BEGIN DATA SUPPLIED

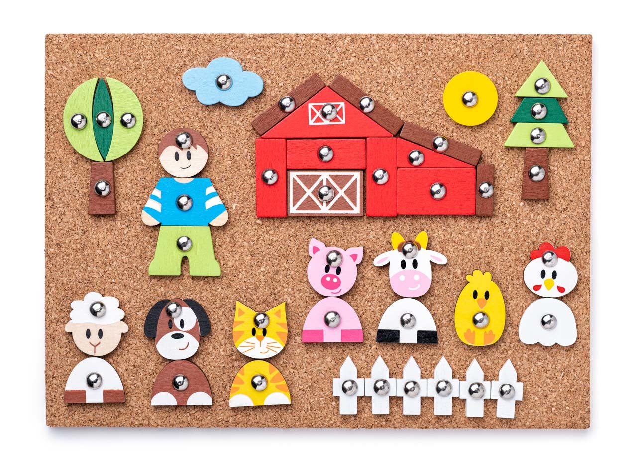 Korkowa deska z przybijanymi kształtami - Zwierzątka to idealny zestaw konstrukcyjny dla wszystkich małych twórców od 5. roku życia. Dzięki niemu dzieci mogą tworzyć nieskończoną liczbę oryginalnych obrazków pełnych zwierzątek i postaci, używając jedynie młoteczka i drewnianych gwoździ.
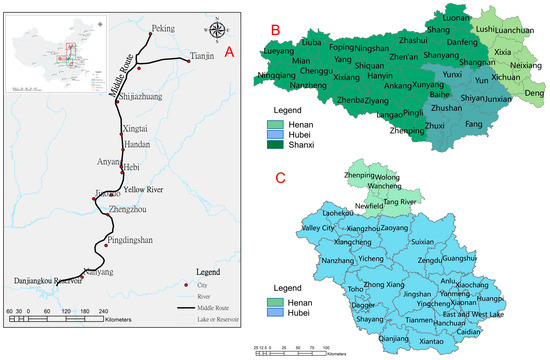Range of influence of SNWTP-MR. ((A) is the whole process of water transfer in the SNWTP-MR; (B) is the scope of the water source area for water transfer; (C) is the downstream of the water source area).
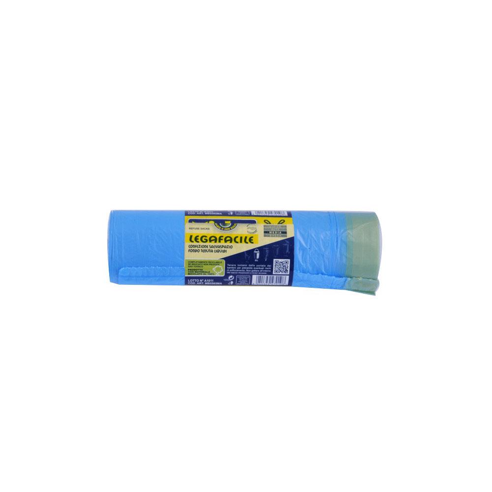 Materiale riciclato 100% - Resistenza media Fondotenuta liquidi - Saldatura a stella Con maniglie - Confezione salvaspazio Dimensioni cm 55x65 peso g 12 my 19
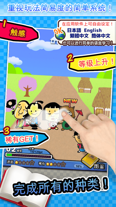 桃太郎,金太郎,辉夜姬...etc! 日本童话的人物聚集在这里!! 都了解了吗?一起来快乐的收集图鉴吧! 简单易懂的操作,因此从孩子到大人都能玩, 流行的,简单图鉴放置游戏系列 ▼虽简单,但能尽兴的放置游戏系列! 通过重视难易度的设计,可以尽兴玩到最后。 简单易懂的游戏设计,无论谁都能简单操作。 充满放置游戏那种收集乐趣! 一起来完成图鉴吧! 方法说明 1. 点击屏幕收集 2. 累积积分,闯关! 3. 收集所有珍贵图鉴,完成图鉴! ▼可进行详细的设定! 可在应用程序中自由进行日语/英语/汉语(繁体字/简体字)的切换, 所以也非常适合简单的语言学习! 背景音乐和按键音的设定也可以详细设定,所以充满乐趣! 简单图鉴放置游戏系列 ■其他系列的也请玩玩看哦! (C)ChoppoLabApple 已更新此 App 以显示 Apple Watch App 图标。 - iOS9 Support - Change Icon design
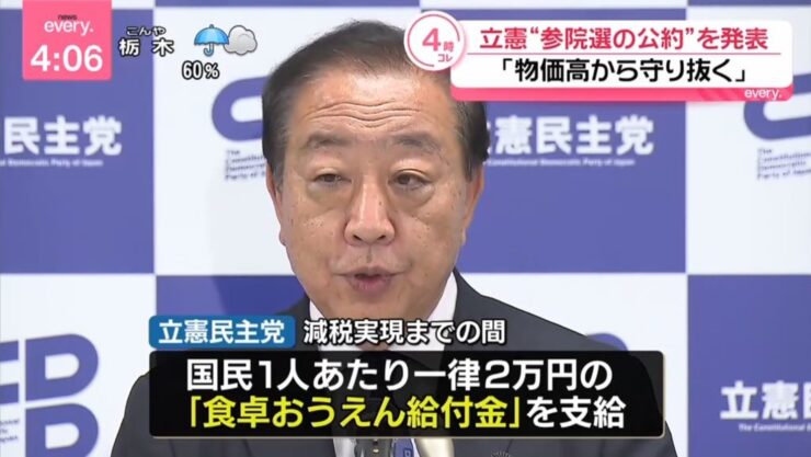 ニュースで立憲民主党が掲げる参院選の公約「国民1人あたり一律2万円の給付金」が報じられたのを見て、私は一瞬「これはありがたい話だ」と思った。確かに、物価高の影響を肌で感じる日々の中で、急な支出や生活の補填として現金の支給は助かる。ガソリン代、食品、光熱費、あらゆる生活コストが上昇している今、「少しでも現金を手にしたい」と思うのはごく自然な感覚だ。
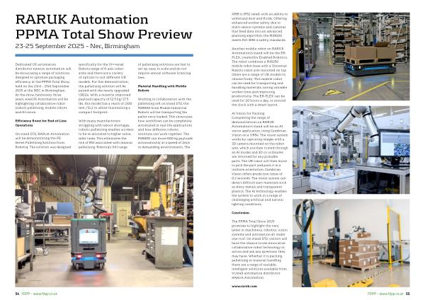 Dedicated UK automation distributor RARUK Automation will be showcasing a range of solutions designed to optimise packaging efficiency at the PPMA Total Show, held on the 23rd – 25th September 2025 at the NEC in Birmingham. At the show, held every three years, RARUK Automation will be highlighting collaborative robot( cobot) palletising, mobile robots and AI vision.
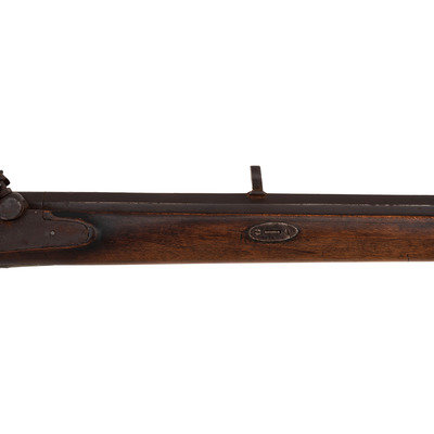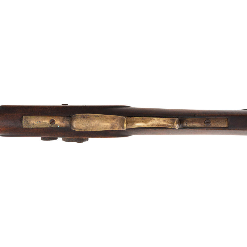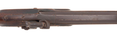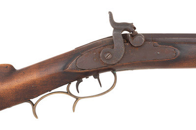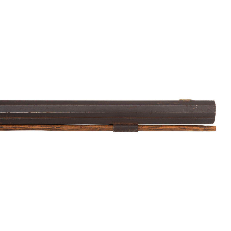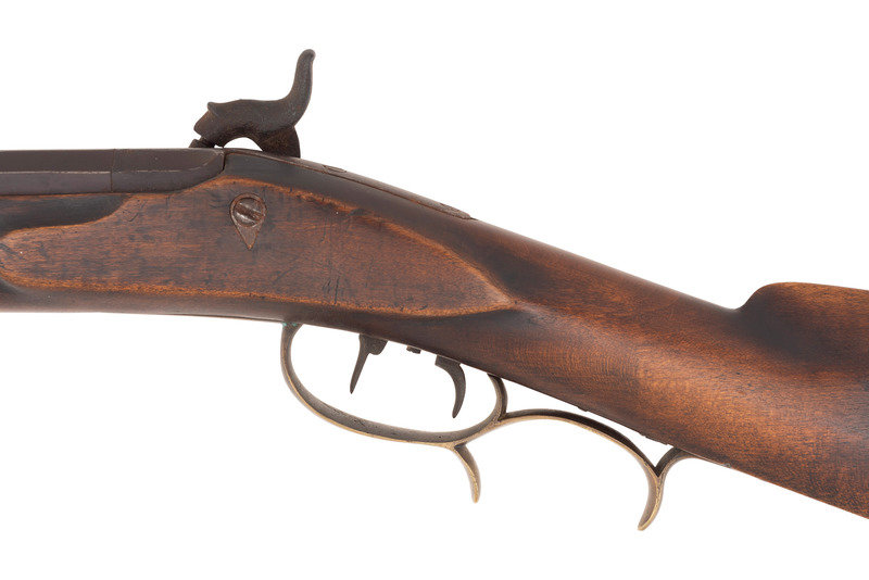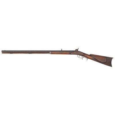 No name is more synonymous with the rifles of the great plains and pre-Civil War western expansion than that of Hawken. Jacob Hawken moved to St. Louis from Hagerstown Maryland in 1818 and was followed by his younger brother Samuel in 1822. Jacob had learned the trade of gun making from his father Christian and also spent time working at the US Arsenal at Harpers Ferry. Initially the Hawken brothers appear to have focused more on traditional gunsmithing and repairs in St. Louis than firearms manufacturing. The earliest guns they produced would have certainly been flintlocks with percussion guns not becoming typical until the early 1830s. Early St. Louis Hawken-marked percussion rifles were brass mounted full-stock guns that followed the general form of the Pennsylvania type rifles they would have produced in Hagerstown. Subsequently the brothers introduced the prototypical "Plains Rifle", also referred at times as the "Rocky Mountain" rifle. These were typically very sturdy iron mounted large bore percussion rifles with double-set triggers that ranged from .52 to .60 caliber. They utilized heavy octagonal barrels that were typically 30" to 40" in length, normally measured at least 1.125" across the flats, were usually rifled with seven grooves and were often retained by two iron keys. The guns regularly utilized commercial locks marked by their makers or retailers. Fixed sights of the buckhorn rear and Rocky Mountain blade front were typical as well. These rifles were so perfectly adapted to the life of the mid-19th century plains hunter and mountain man that their popularity inspired a number of local gunmakers to offer guns of the same general pattern. Variations of the Hawken theme were produced by such famous St. Louis makers as Albright, Beauvais, Dimick and Gemmer. Despite the popularity of the Hawken "Plains Rifle" the firm also produced light sporting rifles like this example. They were usually smaller caliber, single key guns fitted with commercially available brass furniture and often featured Goulcher locks.
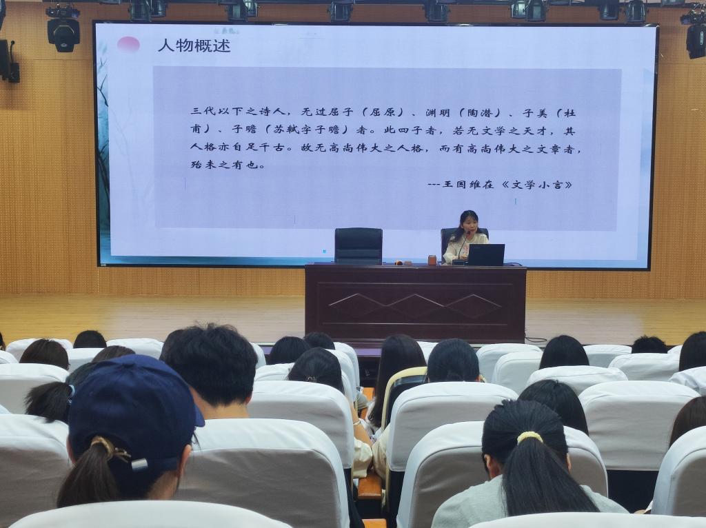 6月19日下午,公共教学部“阳明讲堂”系列讲座第七期在教育学院报告厅开讲。此次讲座由公共教学部副教授、宣传统战部副部长张少敏主讲。张少敏以“千年回望苏东坡, 也无风雨也无晴”为主题,和来自各个专业的师生分享了苏轼坎坷起伏的一生,以及他的道家思想。

END DATA SUPPLIED

ASSIGNED TASK | From the first line to the last, reproduce the records above exactly and skip the pictures.

ANSWER SECTION |
 Korkowa deska z przybijanymi kształtami - Zwierzątka to idealny zestaw konstrukcyjny dla wszystkich małych twórców od 5. roku życia. Dzięki niemu dzieci mogą tworzyć nieskończoną liczbę oryginalnych obrazków pełnych zwierzątek i postaci, używając jedynie młoteczka i drewnianych gwoździ.
Range of influence of SNWTP-MR. ((A) is the whole process of water transfer in the SNWTP-MR; (B) is the scope of the water source area for water transfer; (C) is the downstream of the water source area).
 Materiale riciclato 100% - Resistenza media Fondotenuta liquidi - Saldatura a stella Con maniglie - Confezione salvaspazio Dimensioni cm 55x65 peso g 12 my 19
 桃太郎,金太郎,辉夜姬...etc! 日本童话的人物聚集在这里!! 都了解了吗?一起来快乐的收集图鉴吧! 简单易懂的操作,因此从孩子到大人都能玩, 流行的,简单图鉴放置游戏系列 ▼虽简单,但能尽兴的放置游戏系列! 通过重视难易度的设计,可以尽兴玩到最后。 简单易懂的游戏设计,无论谁都能简单操作。 充满放置游戏那种收集乐趣! 一起来完成图鉴吧! 方法说明 1. 点击屏幕收集 2. 累积积分,闯关! 3. 收集所有珍贵图鉴,完成图鉴! ▼可进行详细的设定! 可在应用程序中自由进行日语/英语/汉语(繁体字/简体字)的切换, 所以也非常适合简单的语言学习! 背景音乐和按键音的设定也可以详细设定,所以充满乐趣! 简单图鉴放置游戏系列 ■其他系列的也请玩玩看哦! (C)ChoppoLabApple 已更新此 App 以显示 Apple Watch App 图标。 - iOS9 Support - Change Icon design
 ニュースで立憲民主党が掲げる参院選の公約「国民1人あたり一律2万円の給付金」が報じられたのを見て、私は一瞬「これはありがたい話だ」と思った。確かに、物価高の影響を肌で感じる日々の中で、急な支出や生活の補填として現金の支給は助かる。ガソリン代、食品、光熱費、あらゆる生活コストが上昇している今、「少しでも現金を手にしたい」と思うのはごく自然な感覚だ。
 Dedicated UK automation distributor RARUK Automation will be showcasing a range of solutions designed to optimise packaging efficiency at the PPMA Total Show, held on the 23rd – 25th September 2025 at the NEC in Birmingham. At the show, held every three years, RARUK Automation will be highlighting collaborative robot( cobot) palletising, mobile robots and AI vision.
 No name is more synonymous with the rifles of the great plains and pre-Civil War western expansion than that of Hawken. Jacob Hawken moved to St. Louis from Hagerstown Maryland in 1818 and was followed by his younger brother Samuel in 1822. Jacob had learned the trade of gun making from his father Christian and also spent time working at the US Arsenal at Harpers Ferry. Initially the Hawken brothers appear to have focused more on traditional gunsmithing and repairs in St. Louis than firearms manufacturing. The earliest guns they produced would have certainly been flintlocks with percussion guns not becoming typical until the early 1830s. Early St. Louis Hawken-marked percussion rifles were brass mounted full-stock guns that followed the general form of the Pennsylvania type rifles they would have produced in Hagerstown. Subsequently the brothers introduced the prototypical "Plains Rifle", also referred at times as the "Rocky Mountain" rifle. These were typically very sturdy iron mounted large bore percussion rifles with double-set triggers that ranged from .52 to .60 caliber. They utilized heavy octagonal barrels that were typically 30" to 40" in length, normally measured at least 1.125" across the flats, were usually rifled with seven grooves and were often retained by two iron keys. The guns regularly utilized commercial locks marked by their makers or retailers. Fixed sights of the buckhorn rear and Rocky Mountain blade front were typical as well. These rifles were so perfectly adapted to the life of the mid-19th century plains hunter and mountain man that their popularity inspired a number of local gunmakers to offer guns of the same general pattern. Variations of the Hawken theme were produced by such famous St. Louis makers as Albright, Beauvais, Dimick and Gemmer. Despite the popularity of the Hawken "Plains Rifle" the firm also produced light sporting rifles like this example. They were usually smaller caliber, single key guns fitted with commercially available brass furniture and often featured Goulcher locks.
 6月19日下午,公共教学部“阳明讲堂”系列讲座第七期在教育学院报告厅开讲。此次讲座由公共教学部副教授、宣传统战部副部长张少敏主讲。张少敏以“千年回望苏东坡, 也无风雨也无晴”为主题,和来自各个专业的师生分享了苏轼坎坷起伏的一生,以及他的道家思想。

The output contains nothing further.